Fleeing war, they travel a perilous route through seven countries by boat, train, bus, car, and on foot in search of a new life.

Ann Hermes/The Christian Science Monitor
A Syrian mother and her son walk along a path near the Hungarian border in Kanjiža, Serbia.
Rich Clabaugh/Staff

It was 10 a.m., and the smuggler told them it was time to go. The two young Syrian men thought he wasn’t serious – surely they would wait to cross the Aegean Sea at night, wouldn’t they? All their hopes rested on this journey, and now they feared this smuggler was going to ruin it all by sending them across the channel, from Turkey to Greece, in the glare of day.

But they had already paid $1,000 each, so they had little choice. And anyway, they had researched this smuggler. They had found him on Facebook. They had asked around and heard that he could be trusted, that most of the rubber dinghies he sent made it to the Greek islands.

It wasn’t the first time Muhannad and Nasser (whose last names have been withheld) had tried to reach Greece. They had already attempted to enter by land and failed. Now, they would try by boat. Everything hinged on this passage. Both had saved up for the journey, and what they had scraped together wasn’t enough for repeat attempts. If they made it, the two refugees from a brutal civil war in Syria could continue their education, find jobs, and start new lives. Most important for Muhannad, his success would mean a way out of war-ravaged Aleppo for his mother and sister.

Their smuggler scanned the turquoise water through binoculars, and then signaled to Muhannad, Nasser, and the 41 others hiding in the forest with them. It was time.

The two men pulled on life jackets.
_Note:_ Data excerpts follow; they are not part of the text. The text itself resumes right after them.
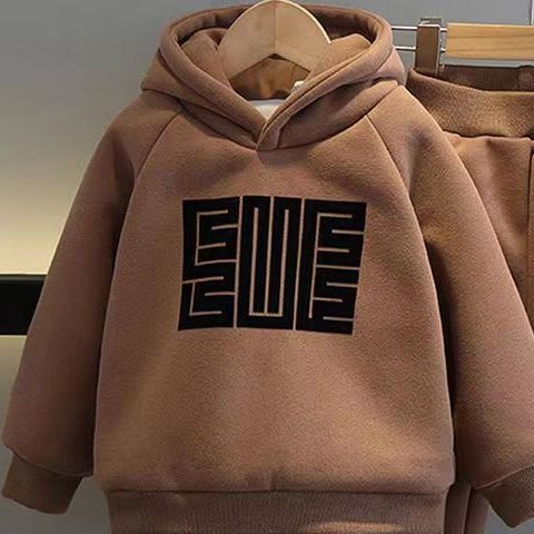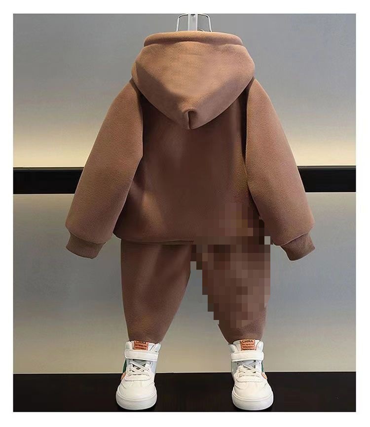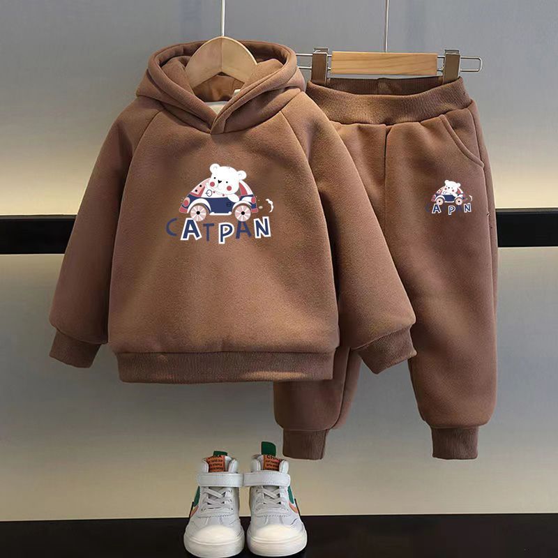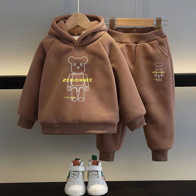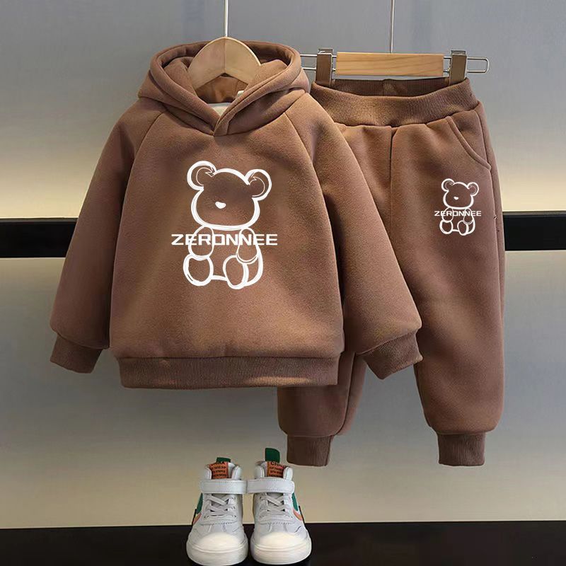 • 트렌디 베어 브라운 스웨트셔츠 + 팬츠 플러스 벨벳 스타일
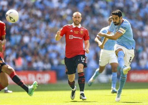 本場和曼聯的足總杯決賽,京多安再次成為球場上的絕對主角。僅僅開場15秒,京多安直接凌空抽射入死角,打破了比賽的僵局。盡管曼聯隨后通過點球扳平比分,但下半場伊始,京多安再次站了出來,他以一記左腳凌空彈射攻入制勝球。除了兩個進球外,京多安還有兩次關鍵傳球。
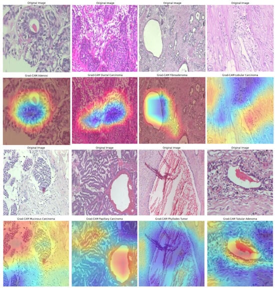 Grad-CAM visualizations on the BreakHis dataset, illustrating model attention in breast cancer classification. Warmer colors (red/yellow) indicate regions of high activation, highlighting critical features used in decision-making.
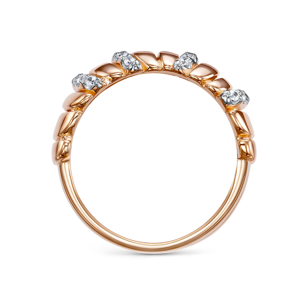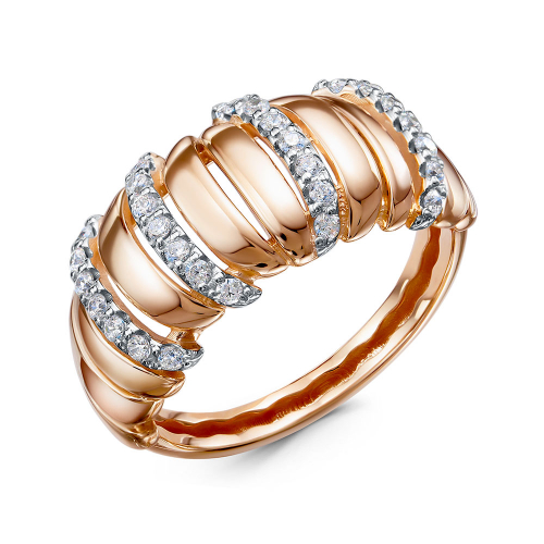 Кольцо из красного золота — воплощение утончённой гармонии. Его поверхность разделена на два ряда: один — гладкий, словно шёлковая лента, а второй — усыпан сверкающими фианитами, которые, как россыпь звёзд, ловят каждый луч света. Такое сочетание создаёт изысканный контраст и придаёт украшению современный и элегантный вид. В комплект поставки входит:
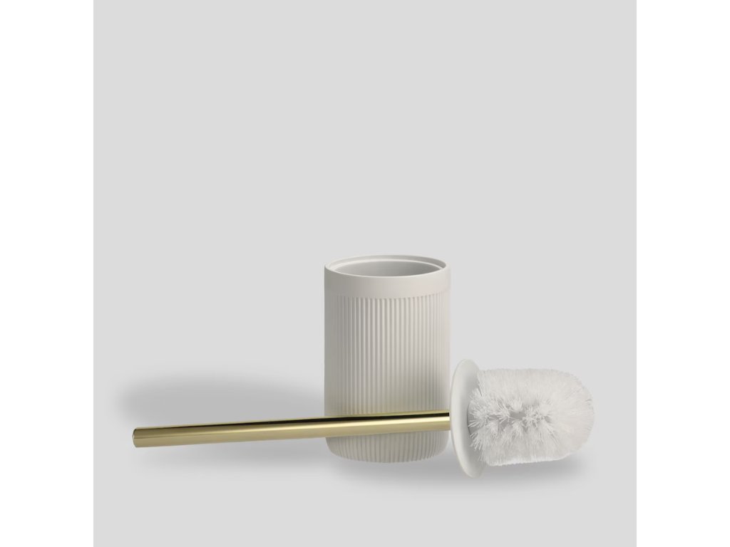 Toaletná kefa zo živicovej hmoty v bielej farbe je elegantný a funkčný doplnok do každej kúpeľne. Jej minimalistický dizajn v kombinácii s trvácnym materiálom zaisťuje dlhodobé používanie a klasický odtieň sa hodí k rôznym štýlom interiérov, ktorým zároveň dodáva estetiku.

Nasser also cinched an inflatable ring around his waist. He had watched, over and over again, the news stories about migrants drowning in the Mediterranean Sea as they tried to reach Europe, and he was nervous. Neither man was an experienced swimmer. Their mobile phones, crucial to the journey ahead, were wrapped in layers of sealed plastic bags to keep them dry.

All 43 people, including a mother with a small child, piled into the dinghy. They were packed so tightly that Muhannad would eventually lose feeling in his legs.

One of their group, an Algerian, steered the motorized boat toward one of the Greek islands, gauzily visible in the distance.

Tense, they skimmed across the water for more than two hours. Then, suddenly, when they were not far from land, the Algerian pulled out a knife and plunged it into the side of the rubber boat. He was trying to ensure that a Greek Coast Guard vessel, now approaching, could not force them back into Turkish waters.

Escaping air hissed from the dinghy. Water gushed into the boat. Panic erupted. Passengers screamed and pushed one another in their rush to escape the sinking vessel. Nasser jumped first, into shallow water. Muhannad plunged off the other side. Both made it to the rocky shore, as did all the other migrants.

Muhannad unwrapped his phone from the cocoon of plastic. No one was sure if they had actually made it to Europe. He opened the maps application and checked: Yes, they were in Greece. They were partway to a new life.

The two friends celebrated by doing what came naturally: They took selfies. In one of the pictures, Nasser wears a wide grin, full of relief, and flashes a victory sign. Muhannad gazes into the camera from behind blue aviator sunglasses, and smiles.

“We were happy because we thought we had passed the most difficult step in our trip,” Nasser recalls later. “But later we discovered it was the easiest.”

• • •

Muhannad and Nasser are part of one of the greatest waves of people forced to leave their homes in human history. The United Nations High Commissioner for Refugees says nearly 60 million people were displaced by the end of 2014, and the number is only increasing. One in 122 people worldwide is now a refugee, internally displaced person, or asylum seeker, according to the agency.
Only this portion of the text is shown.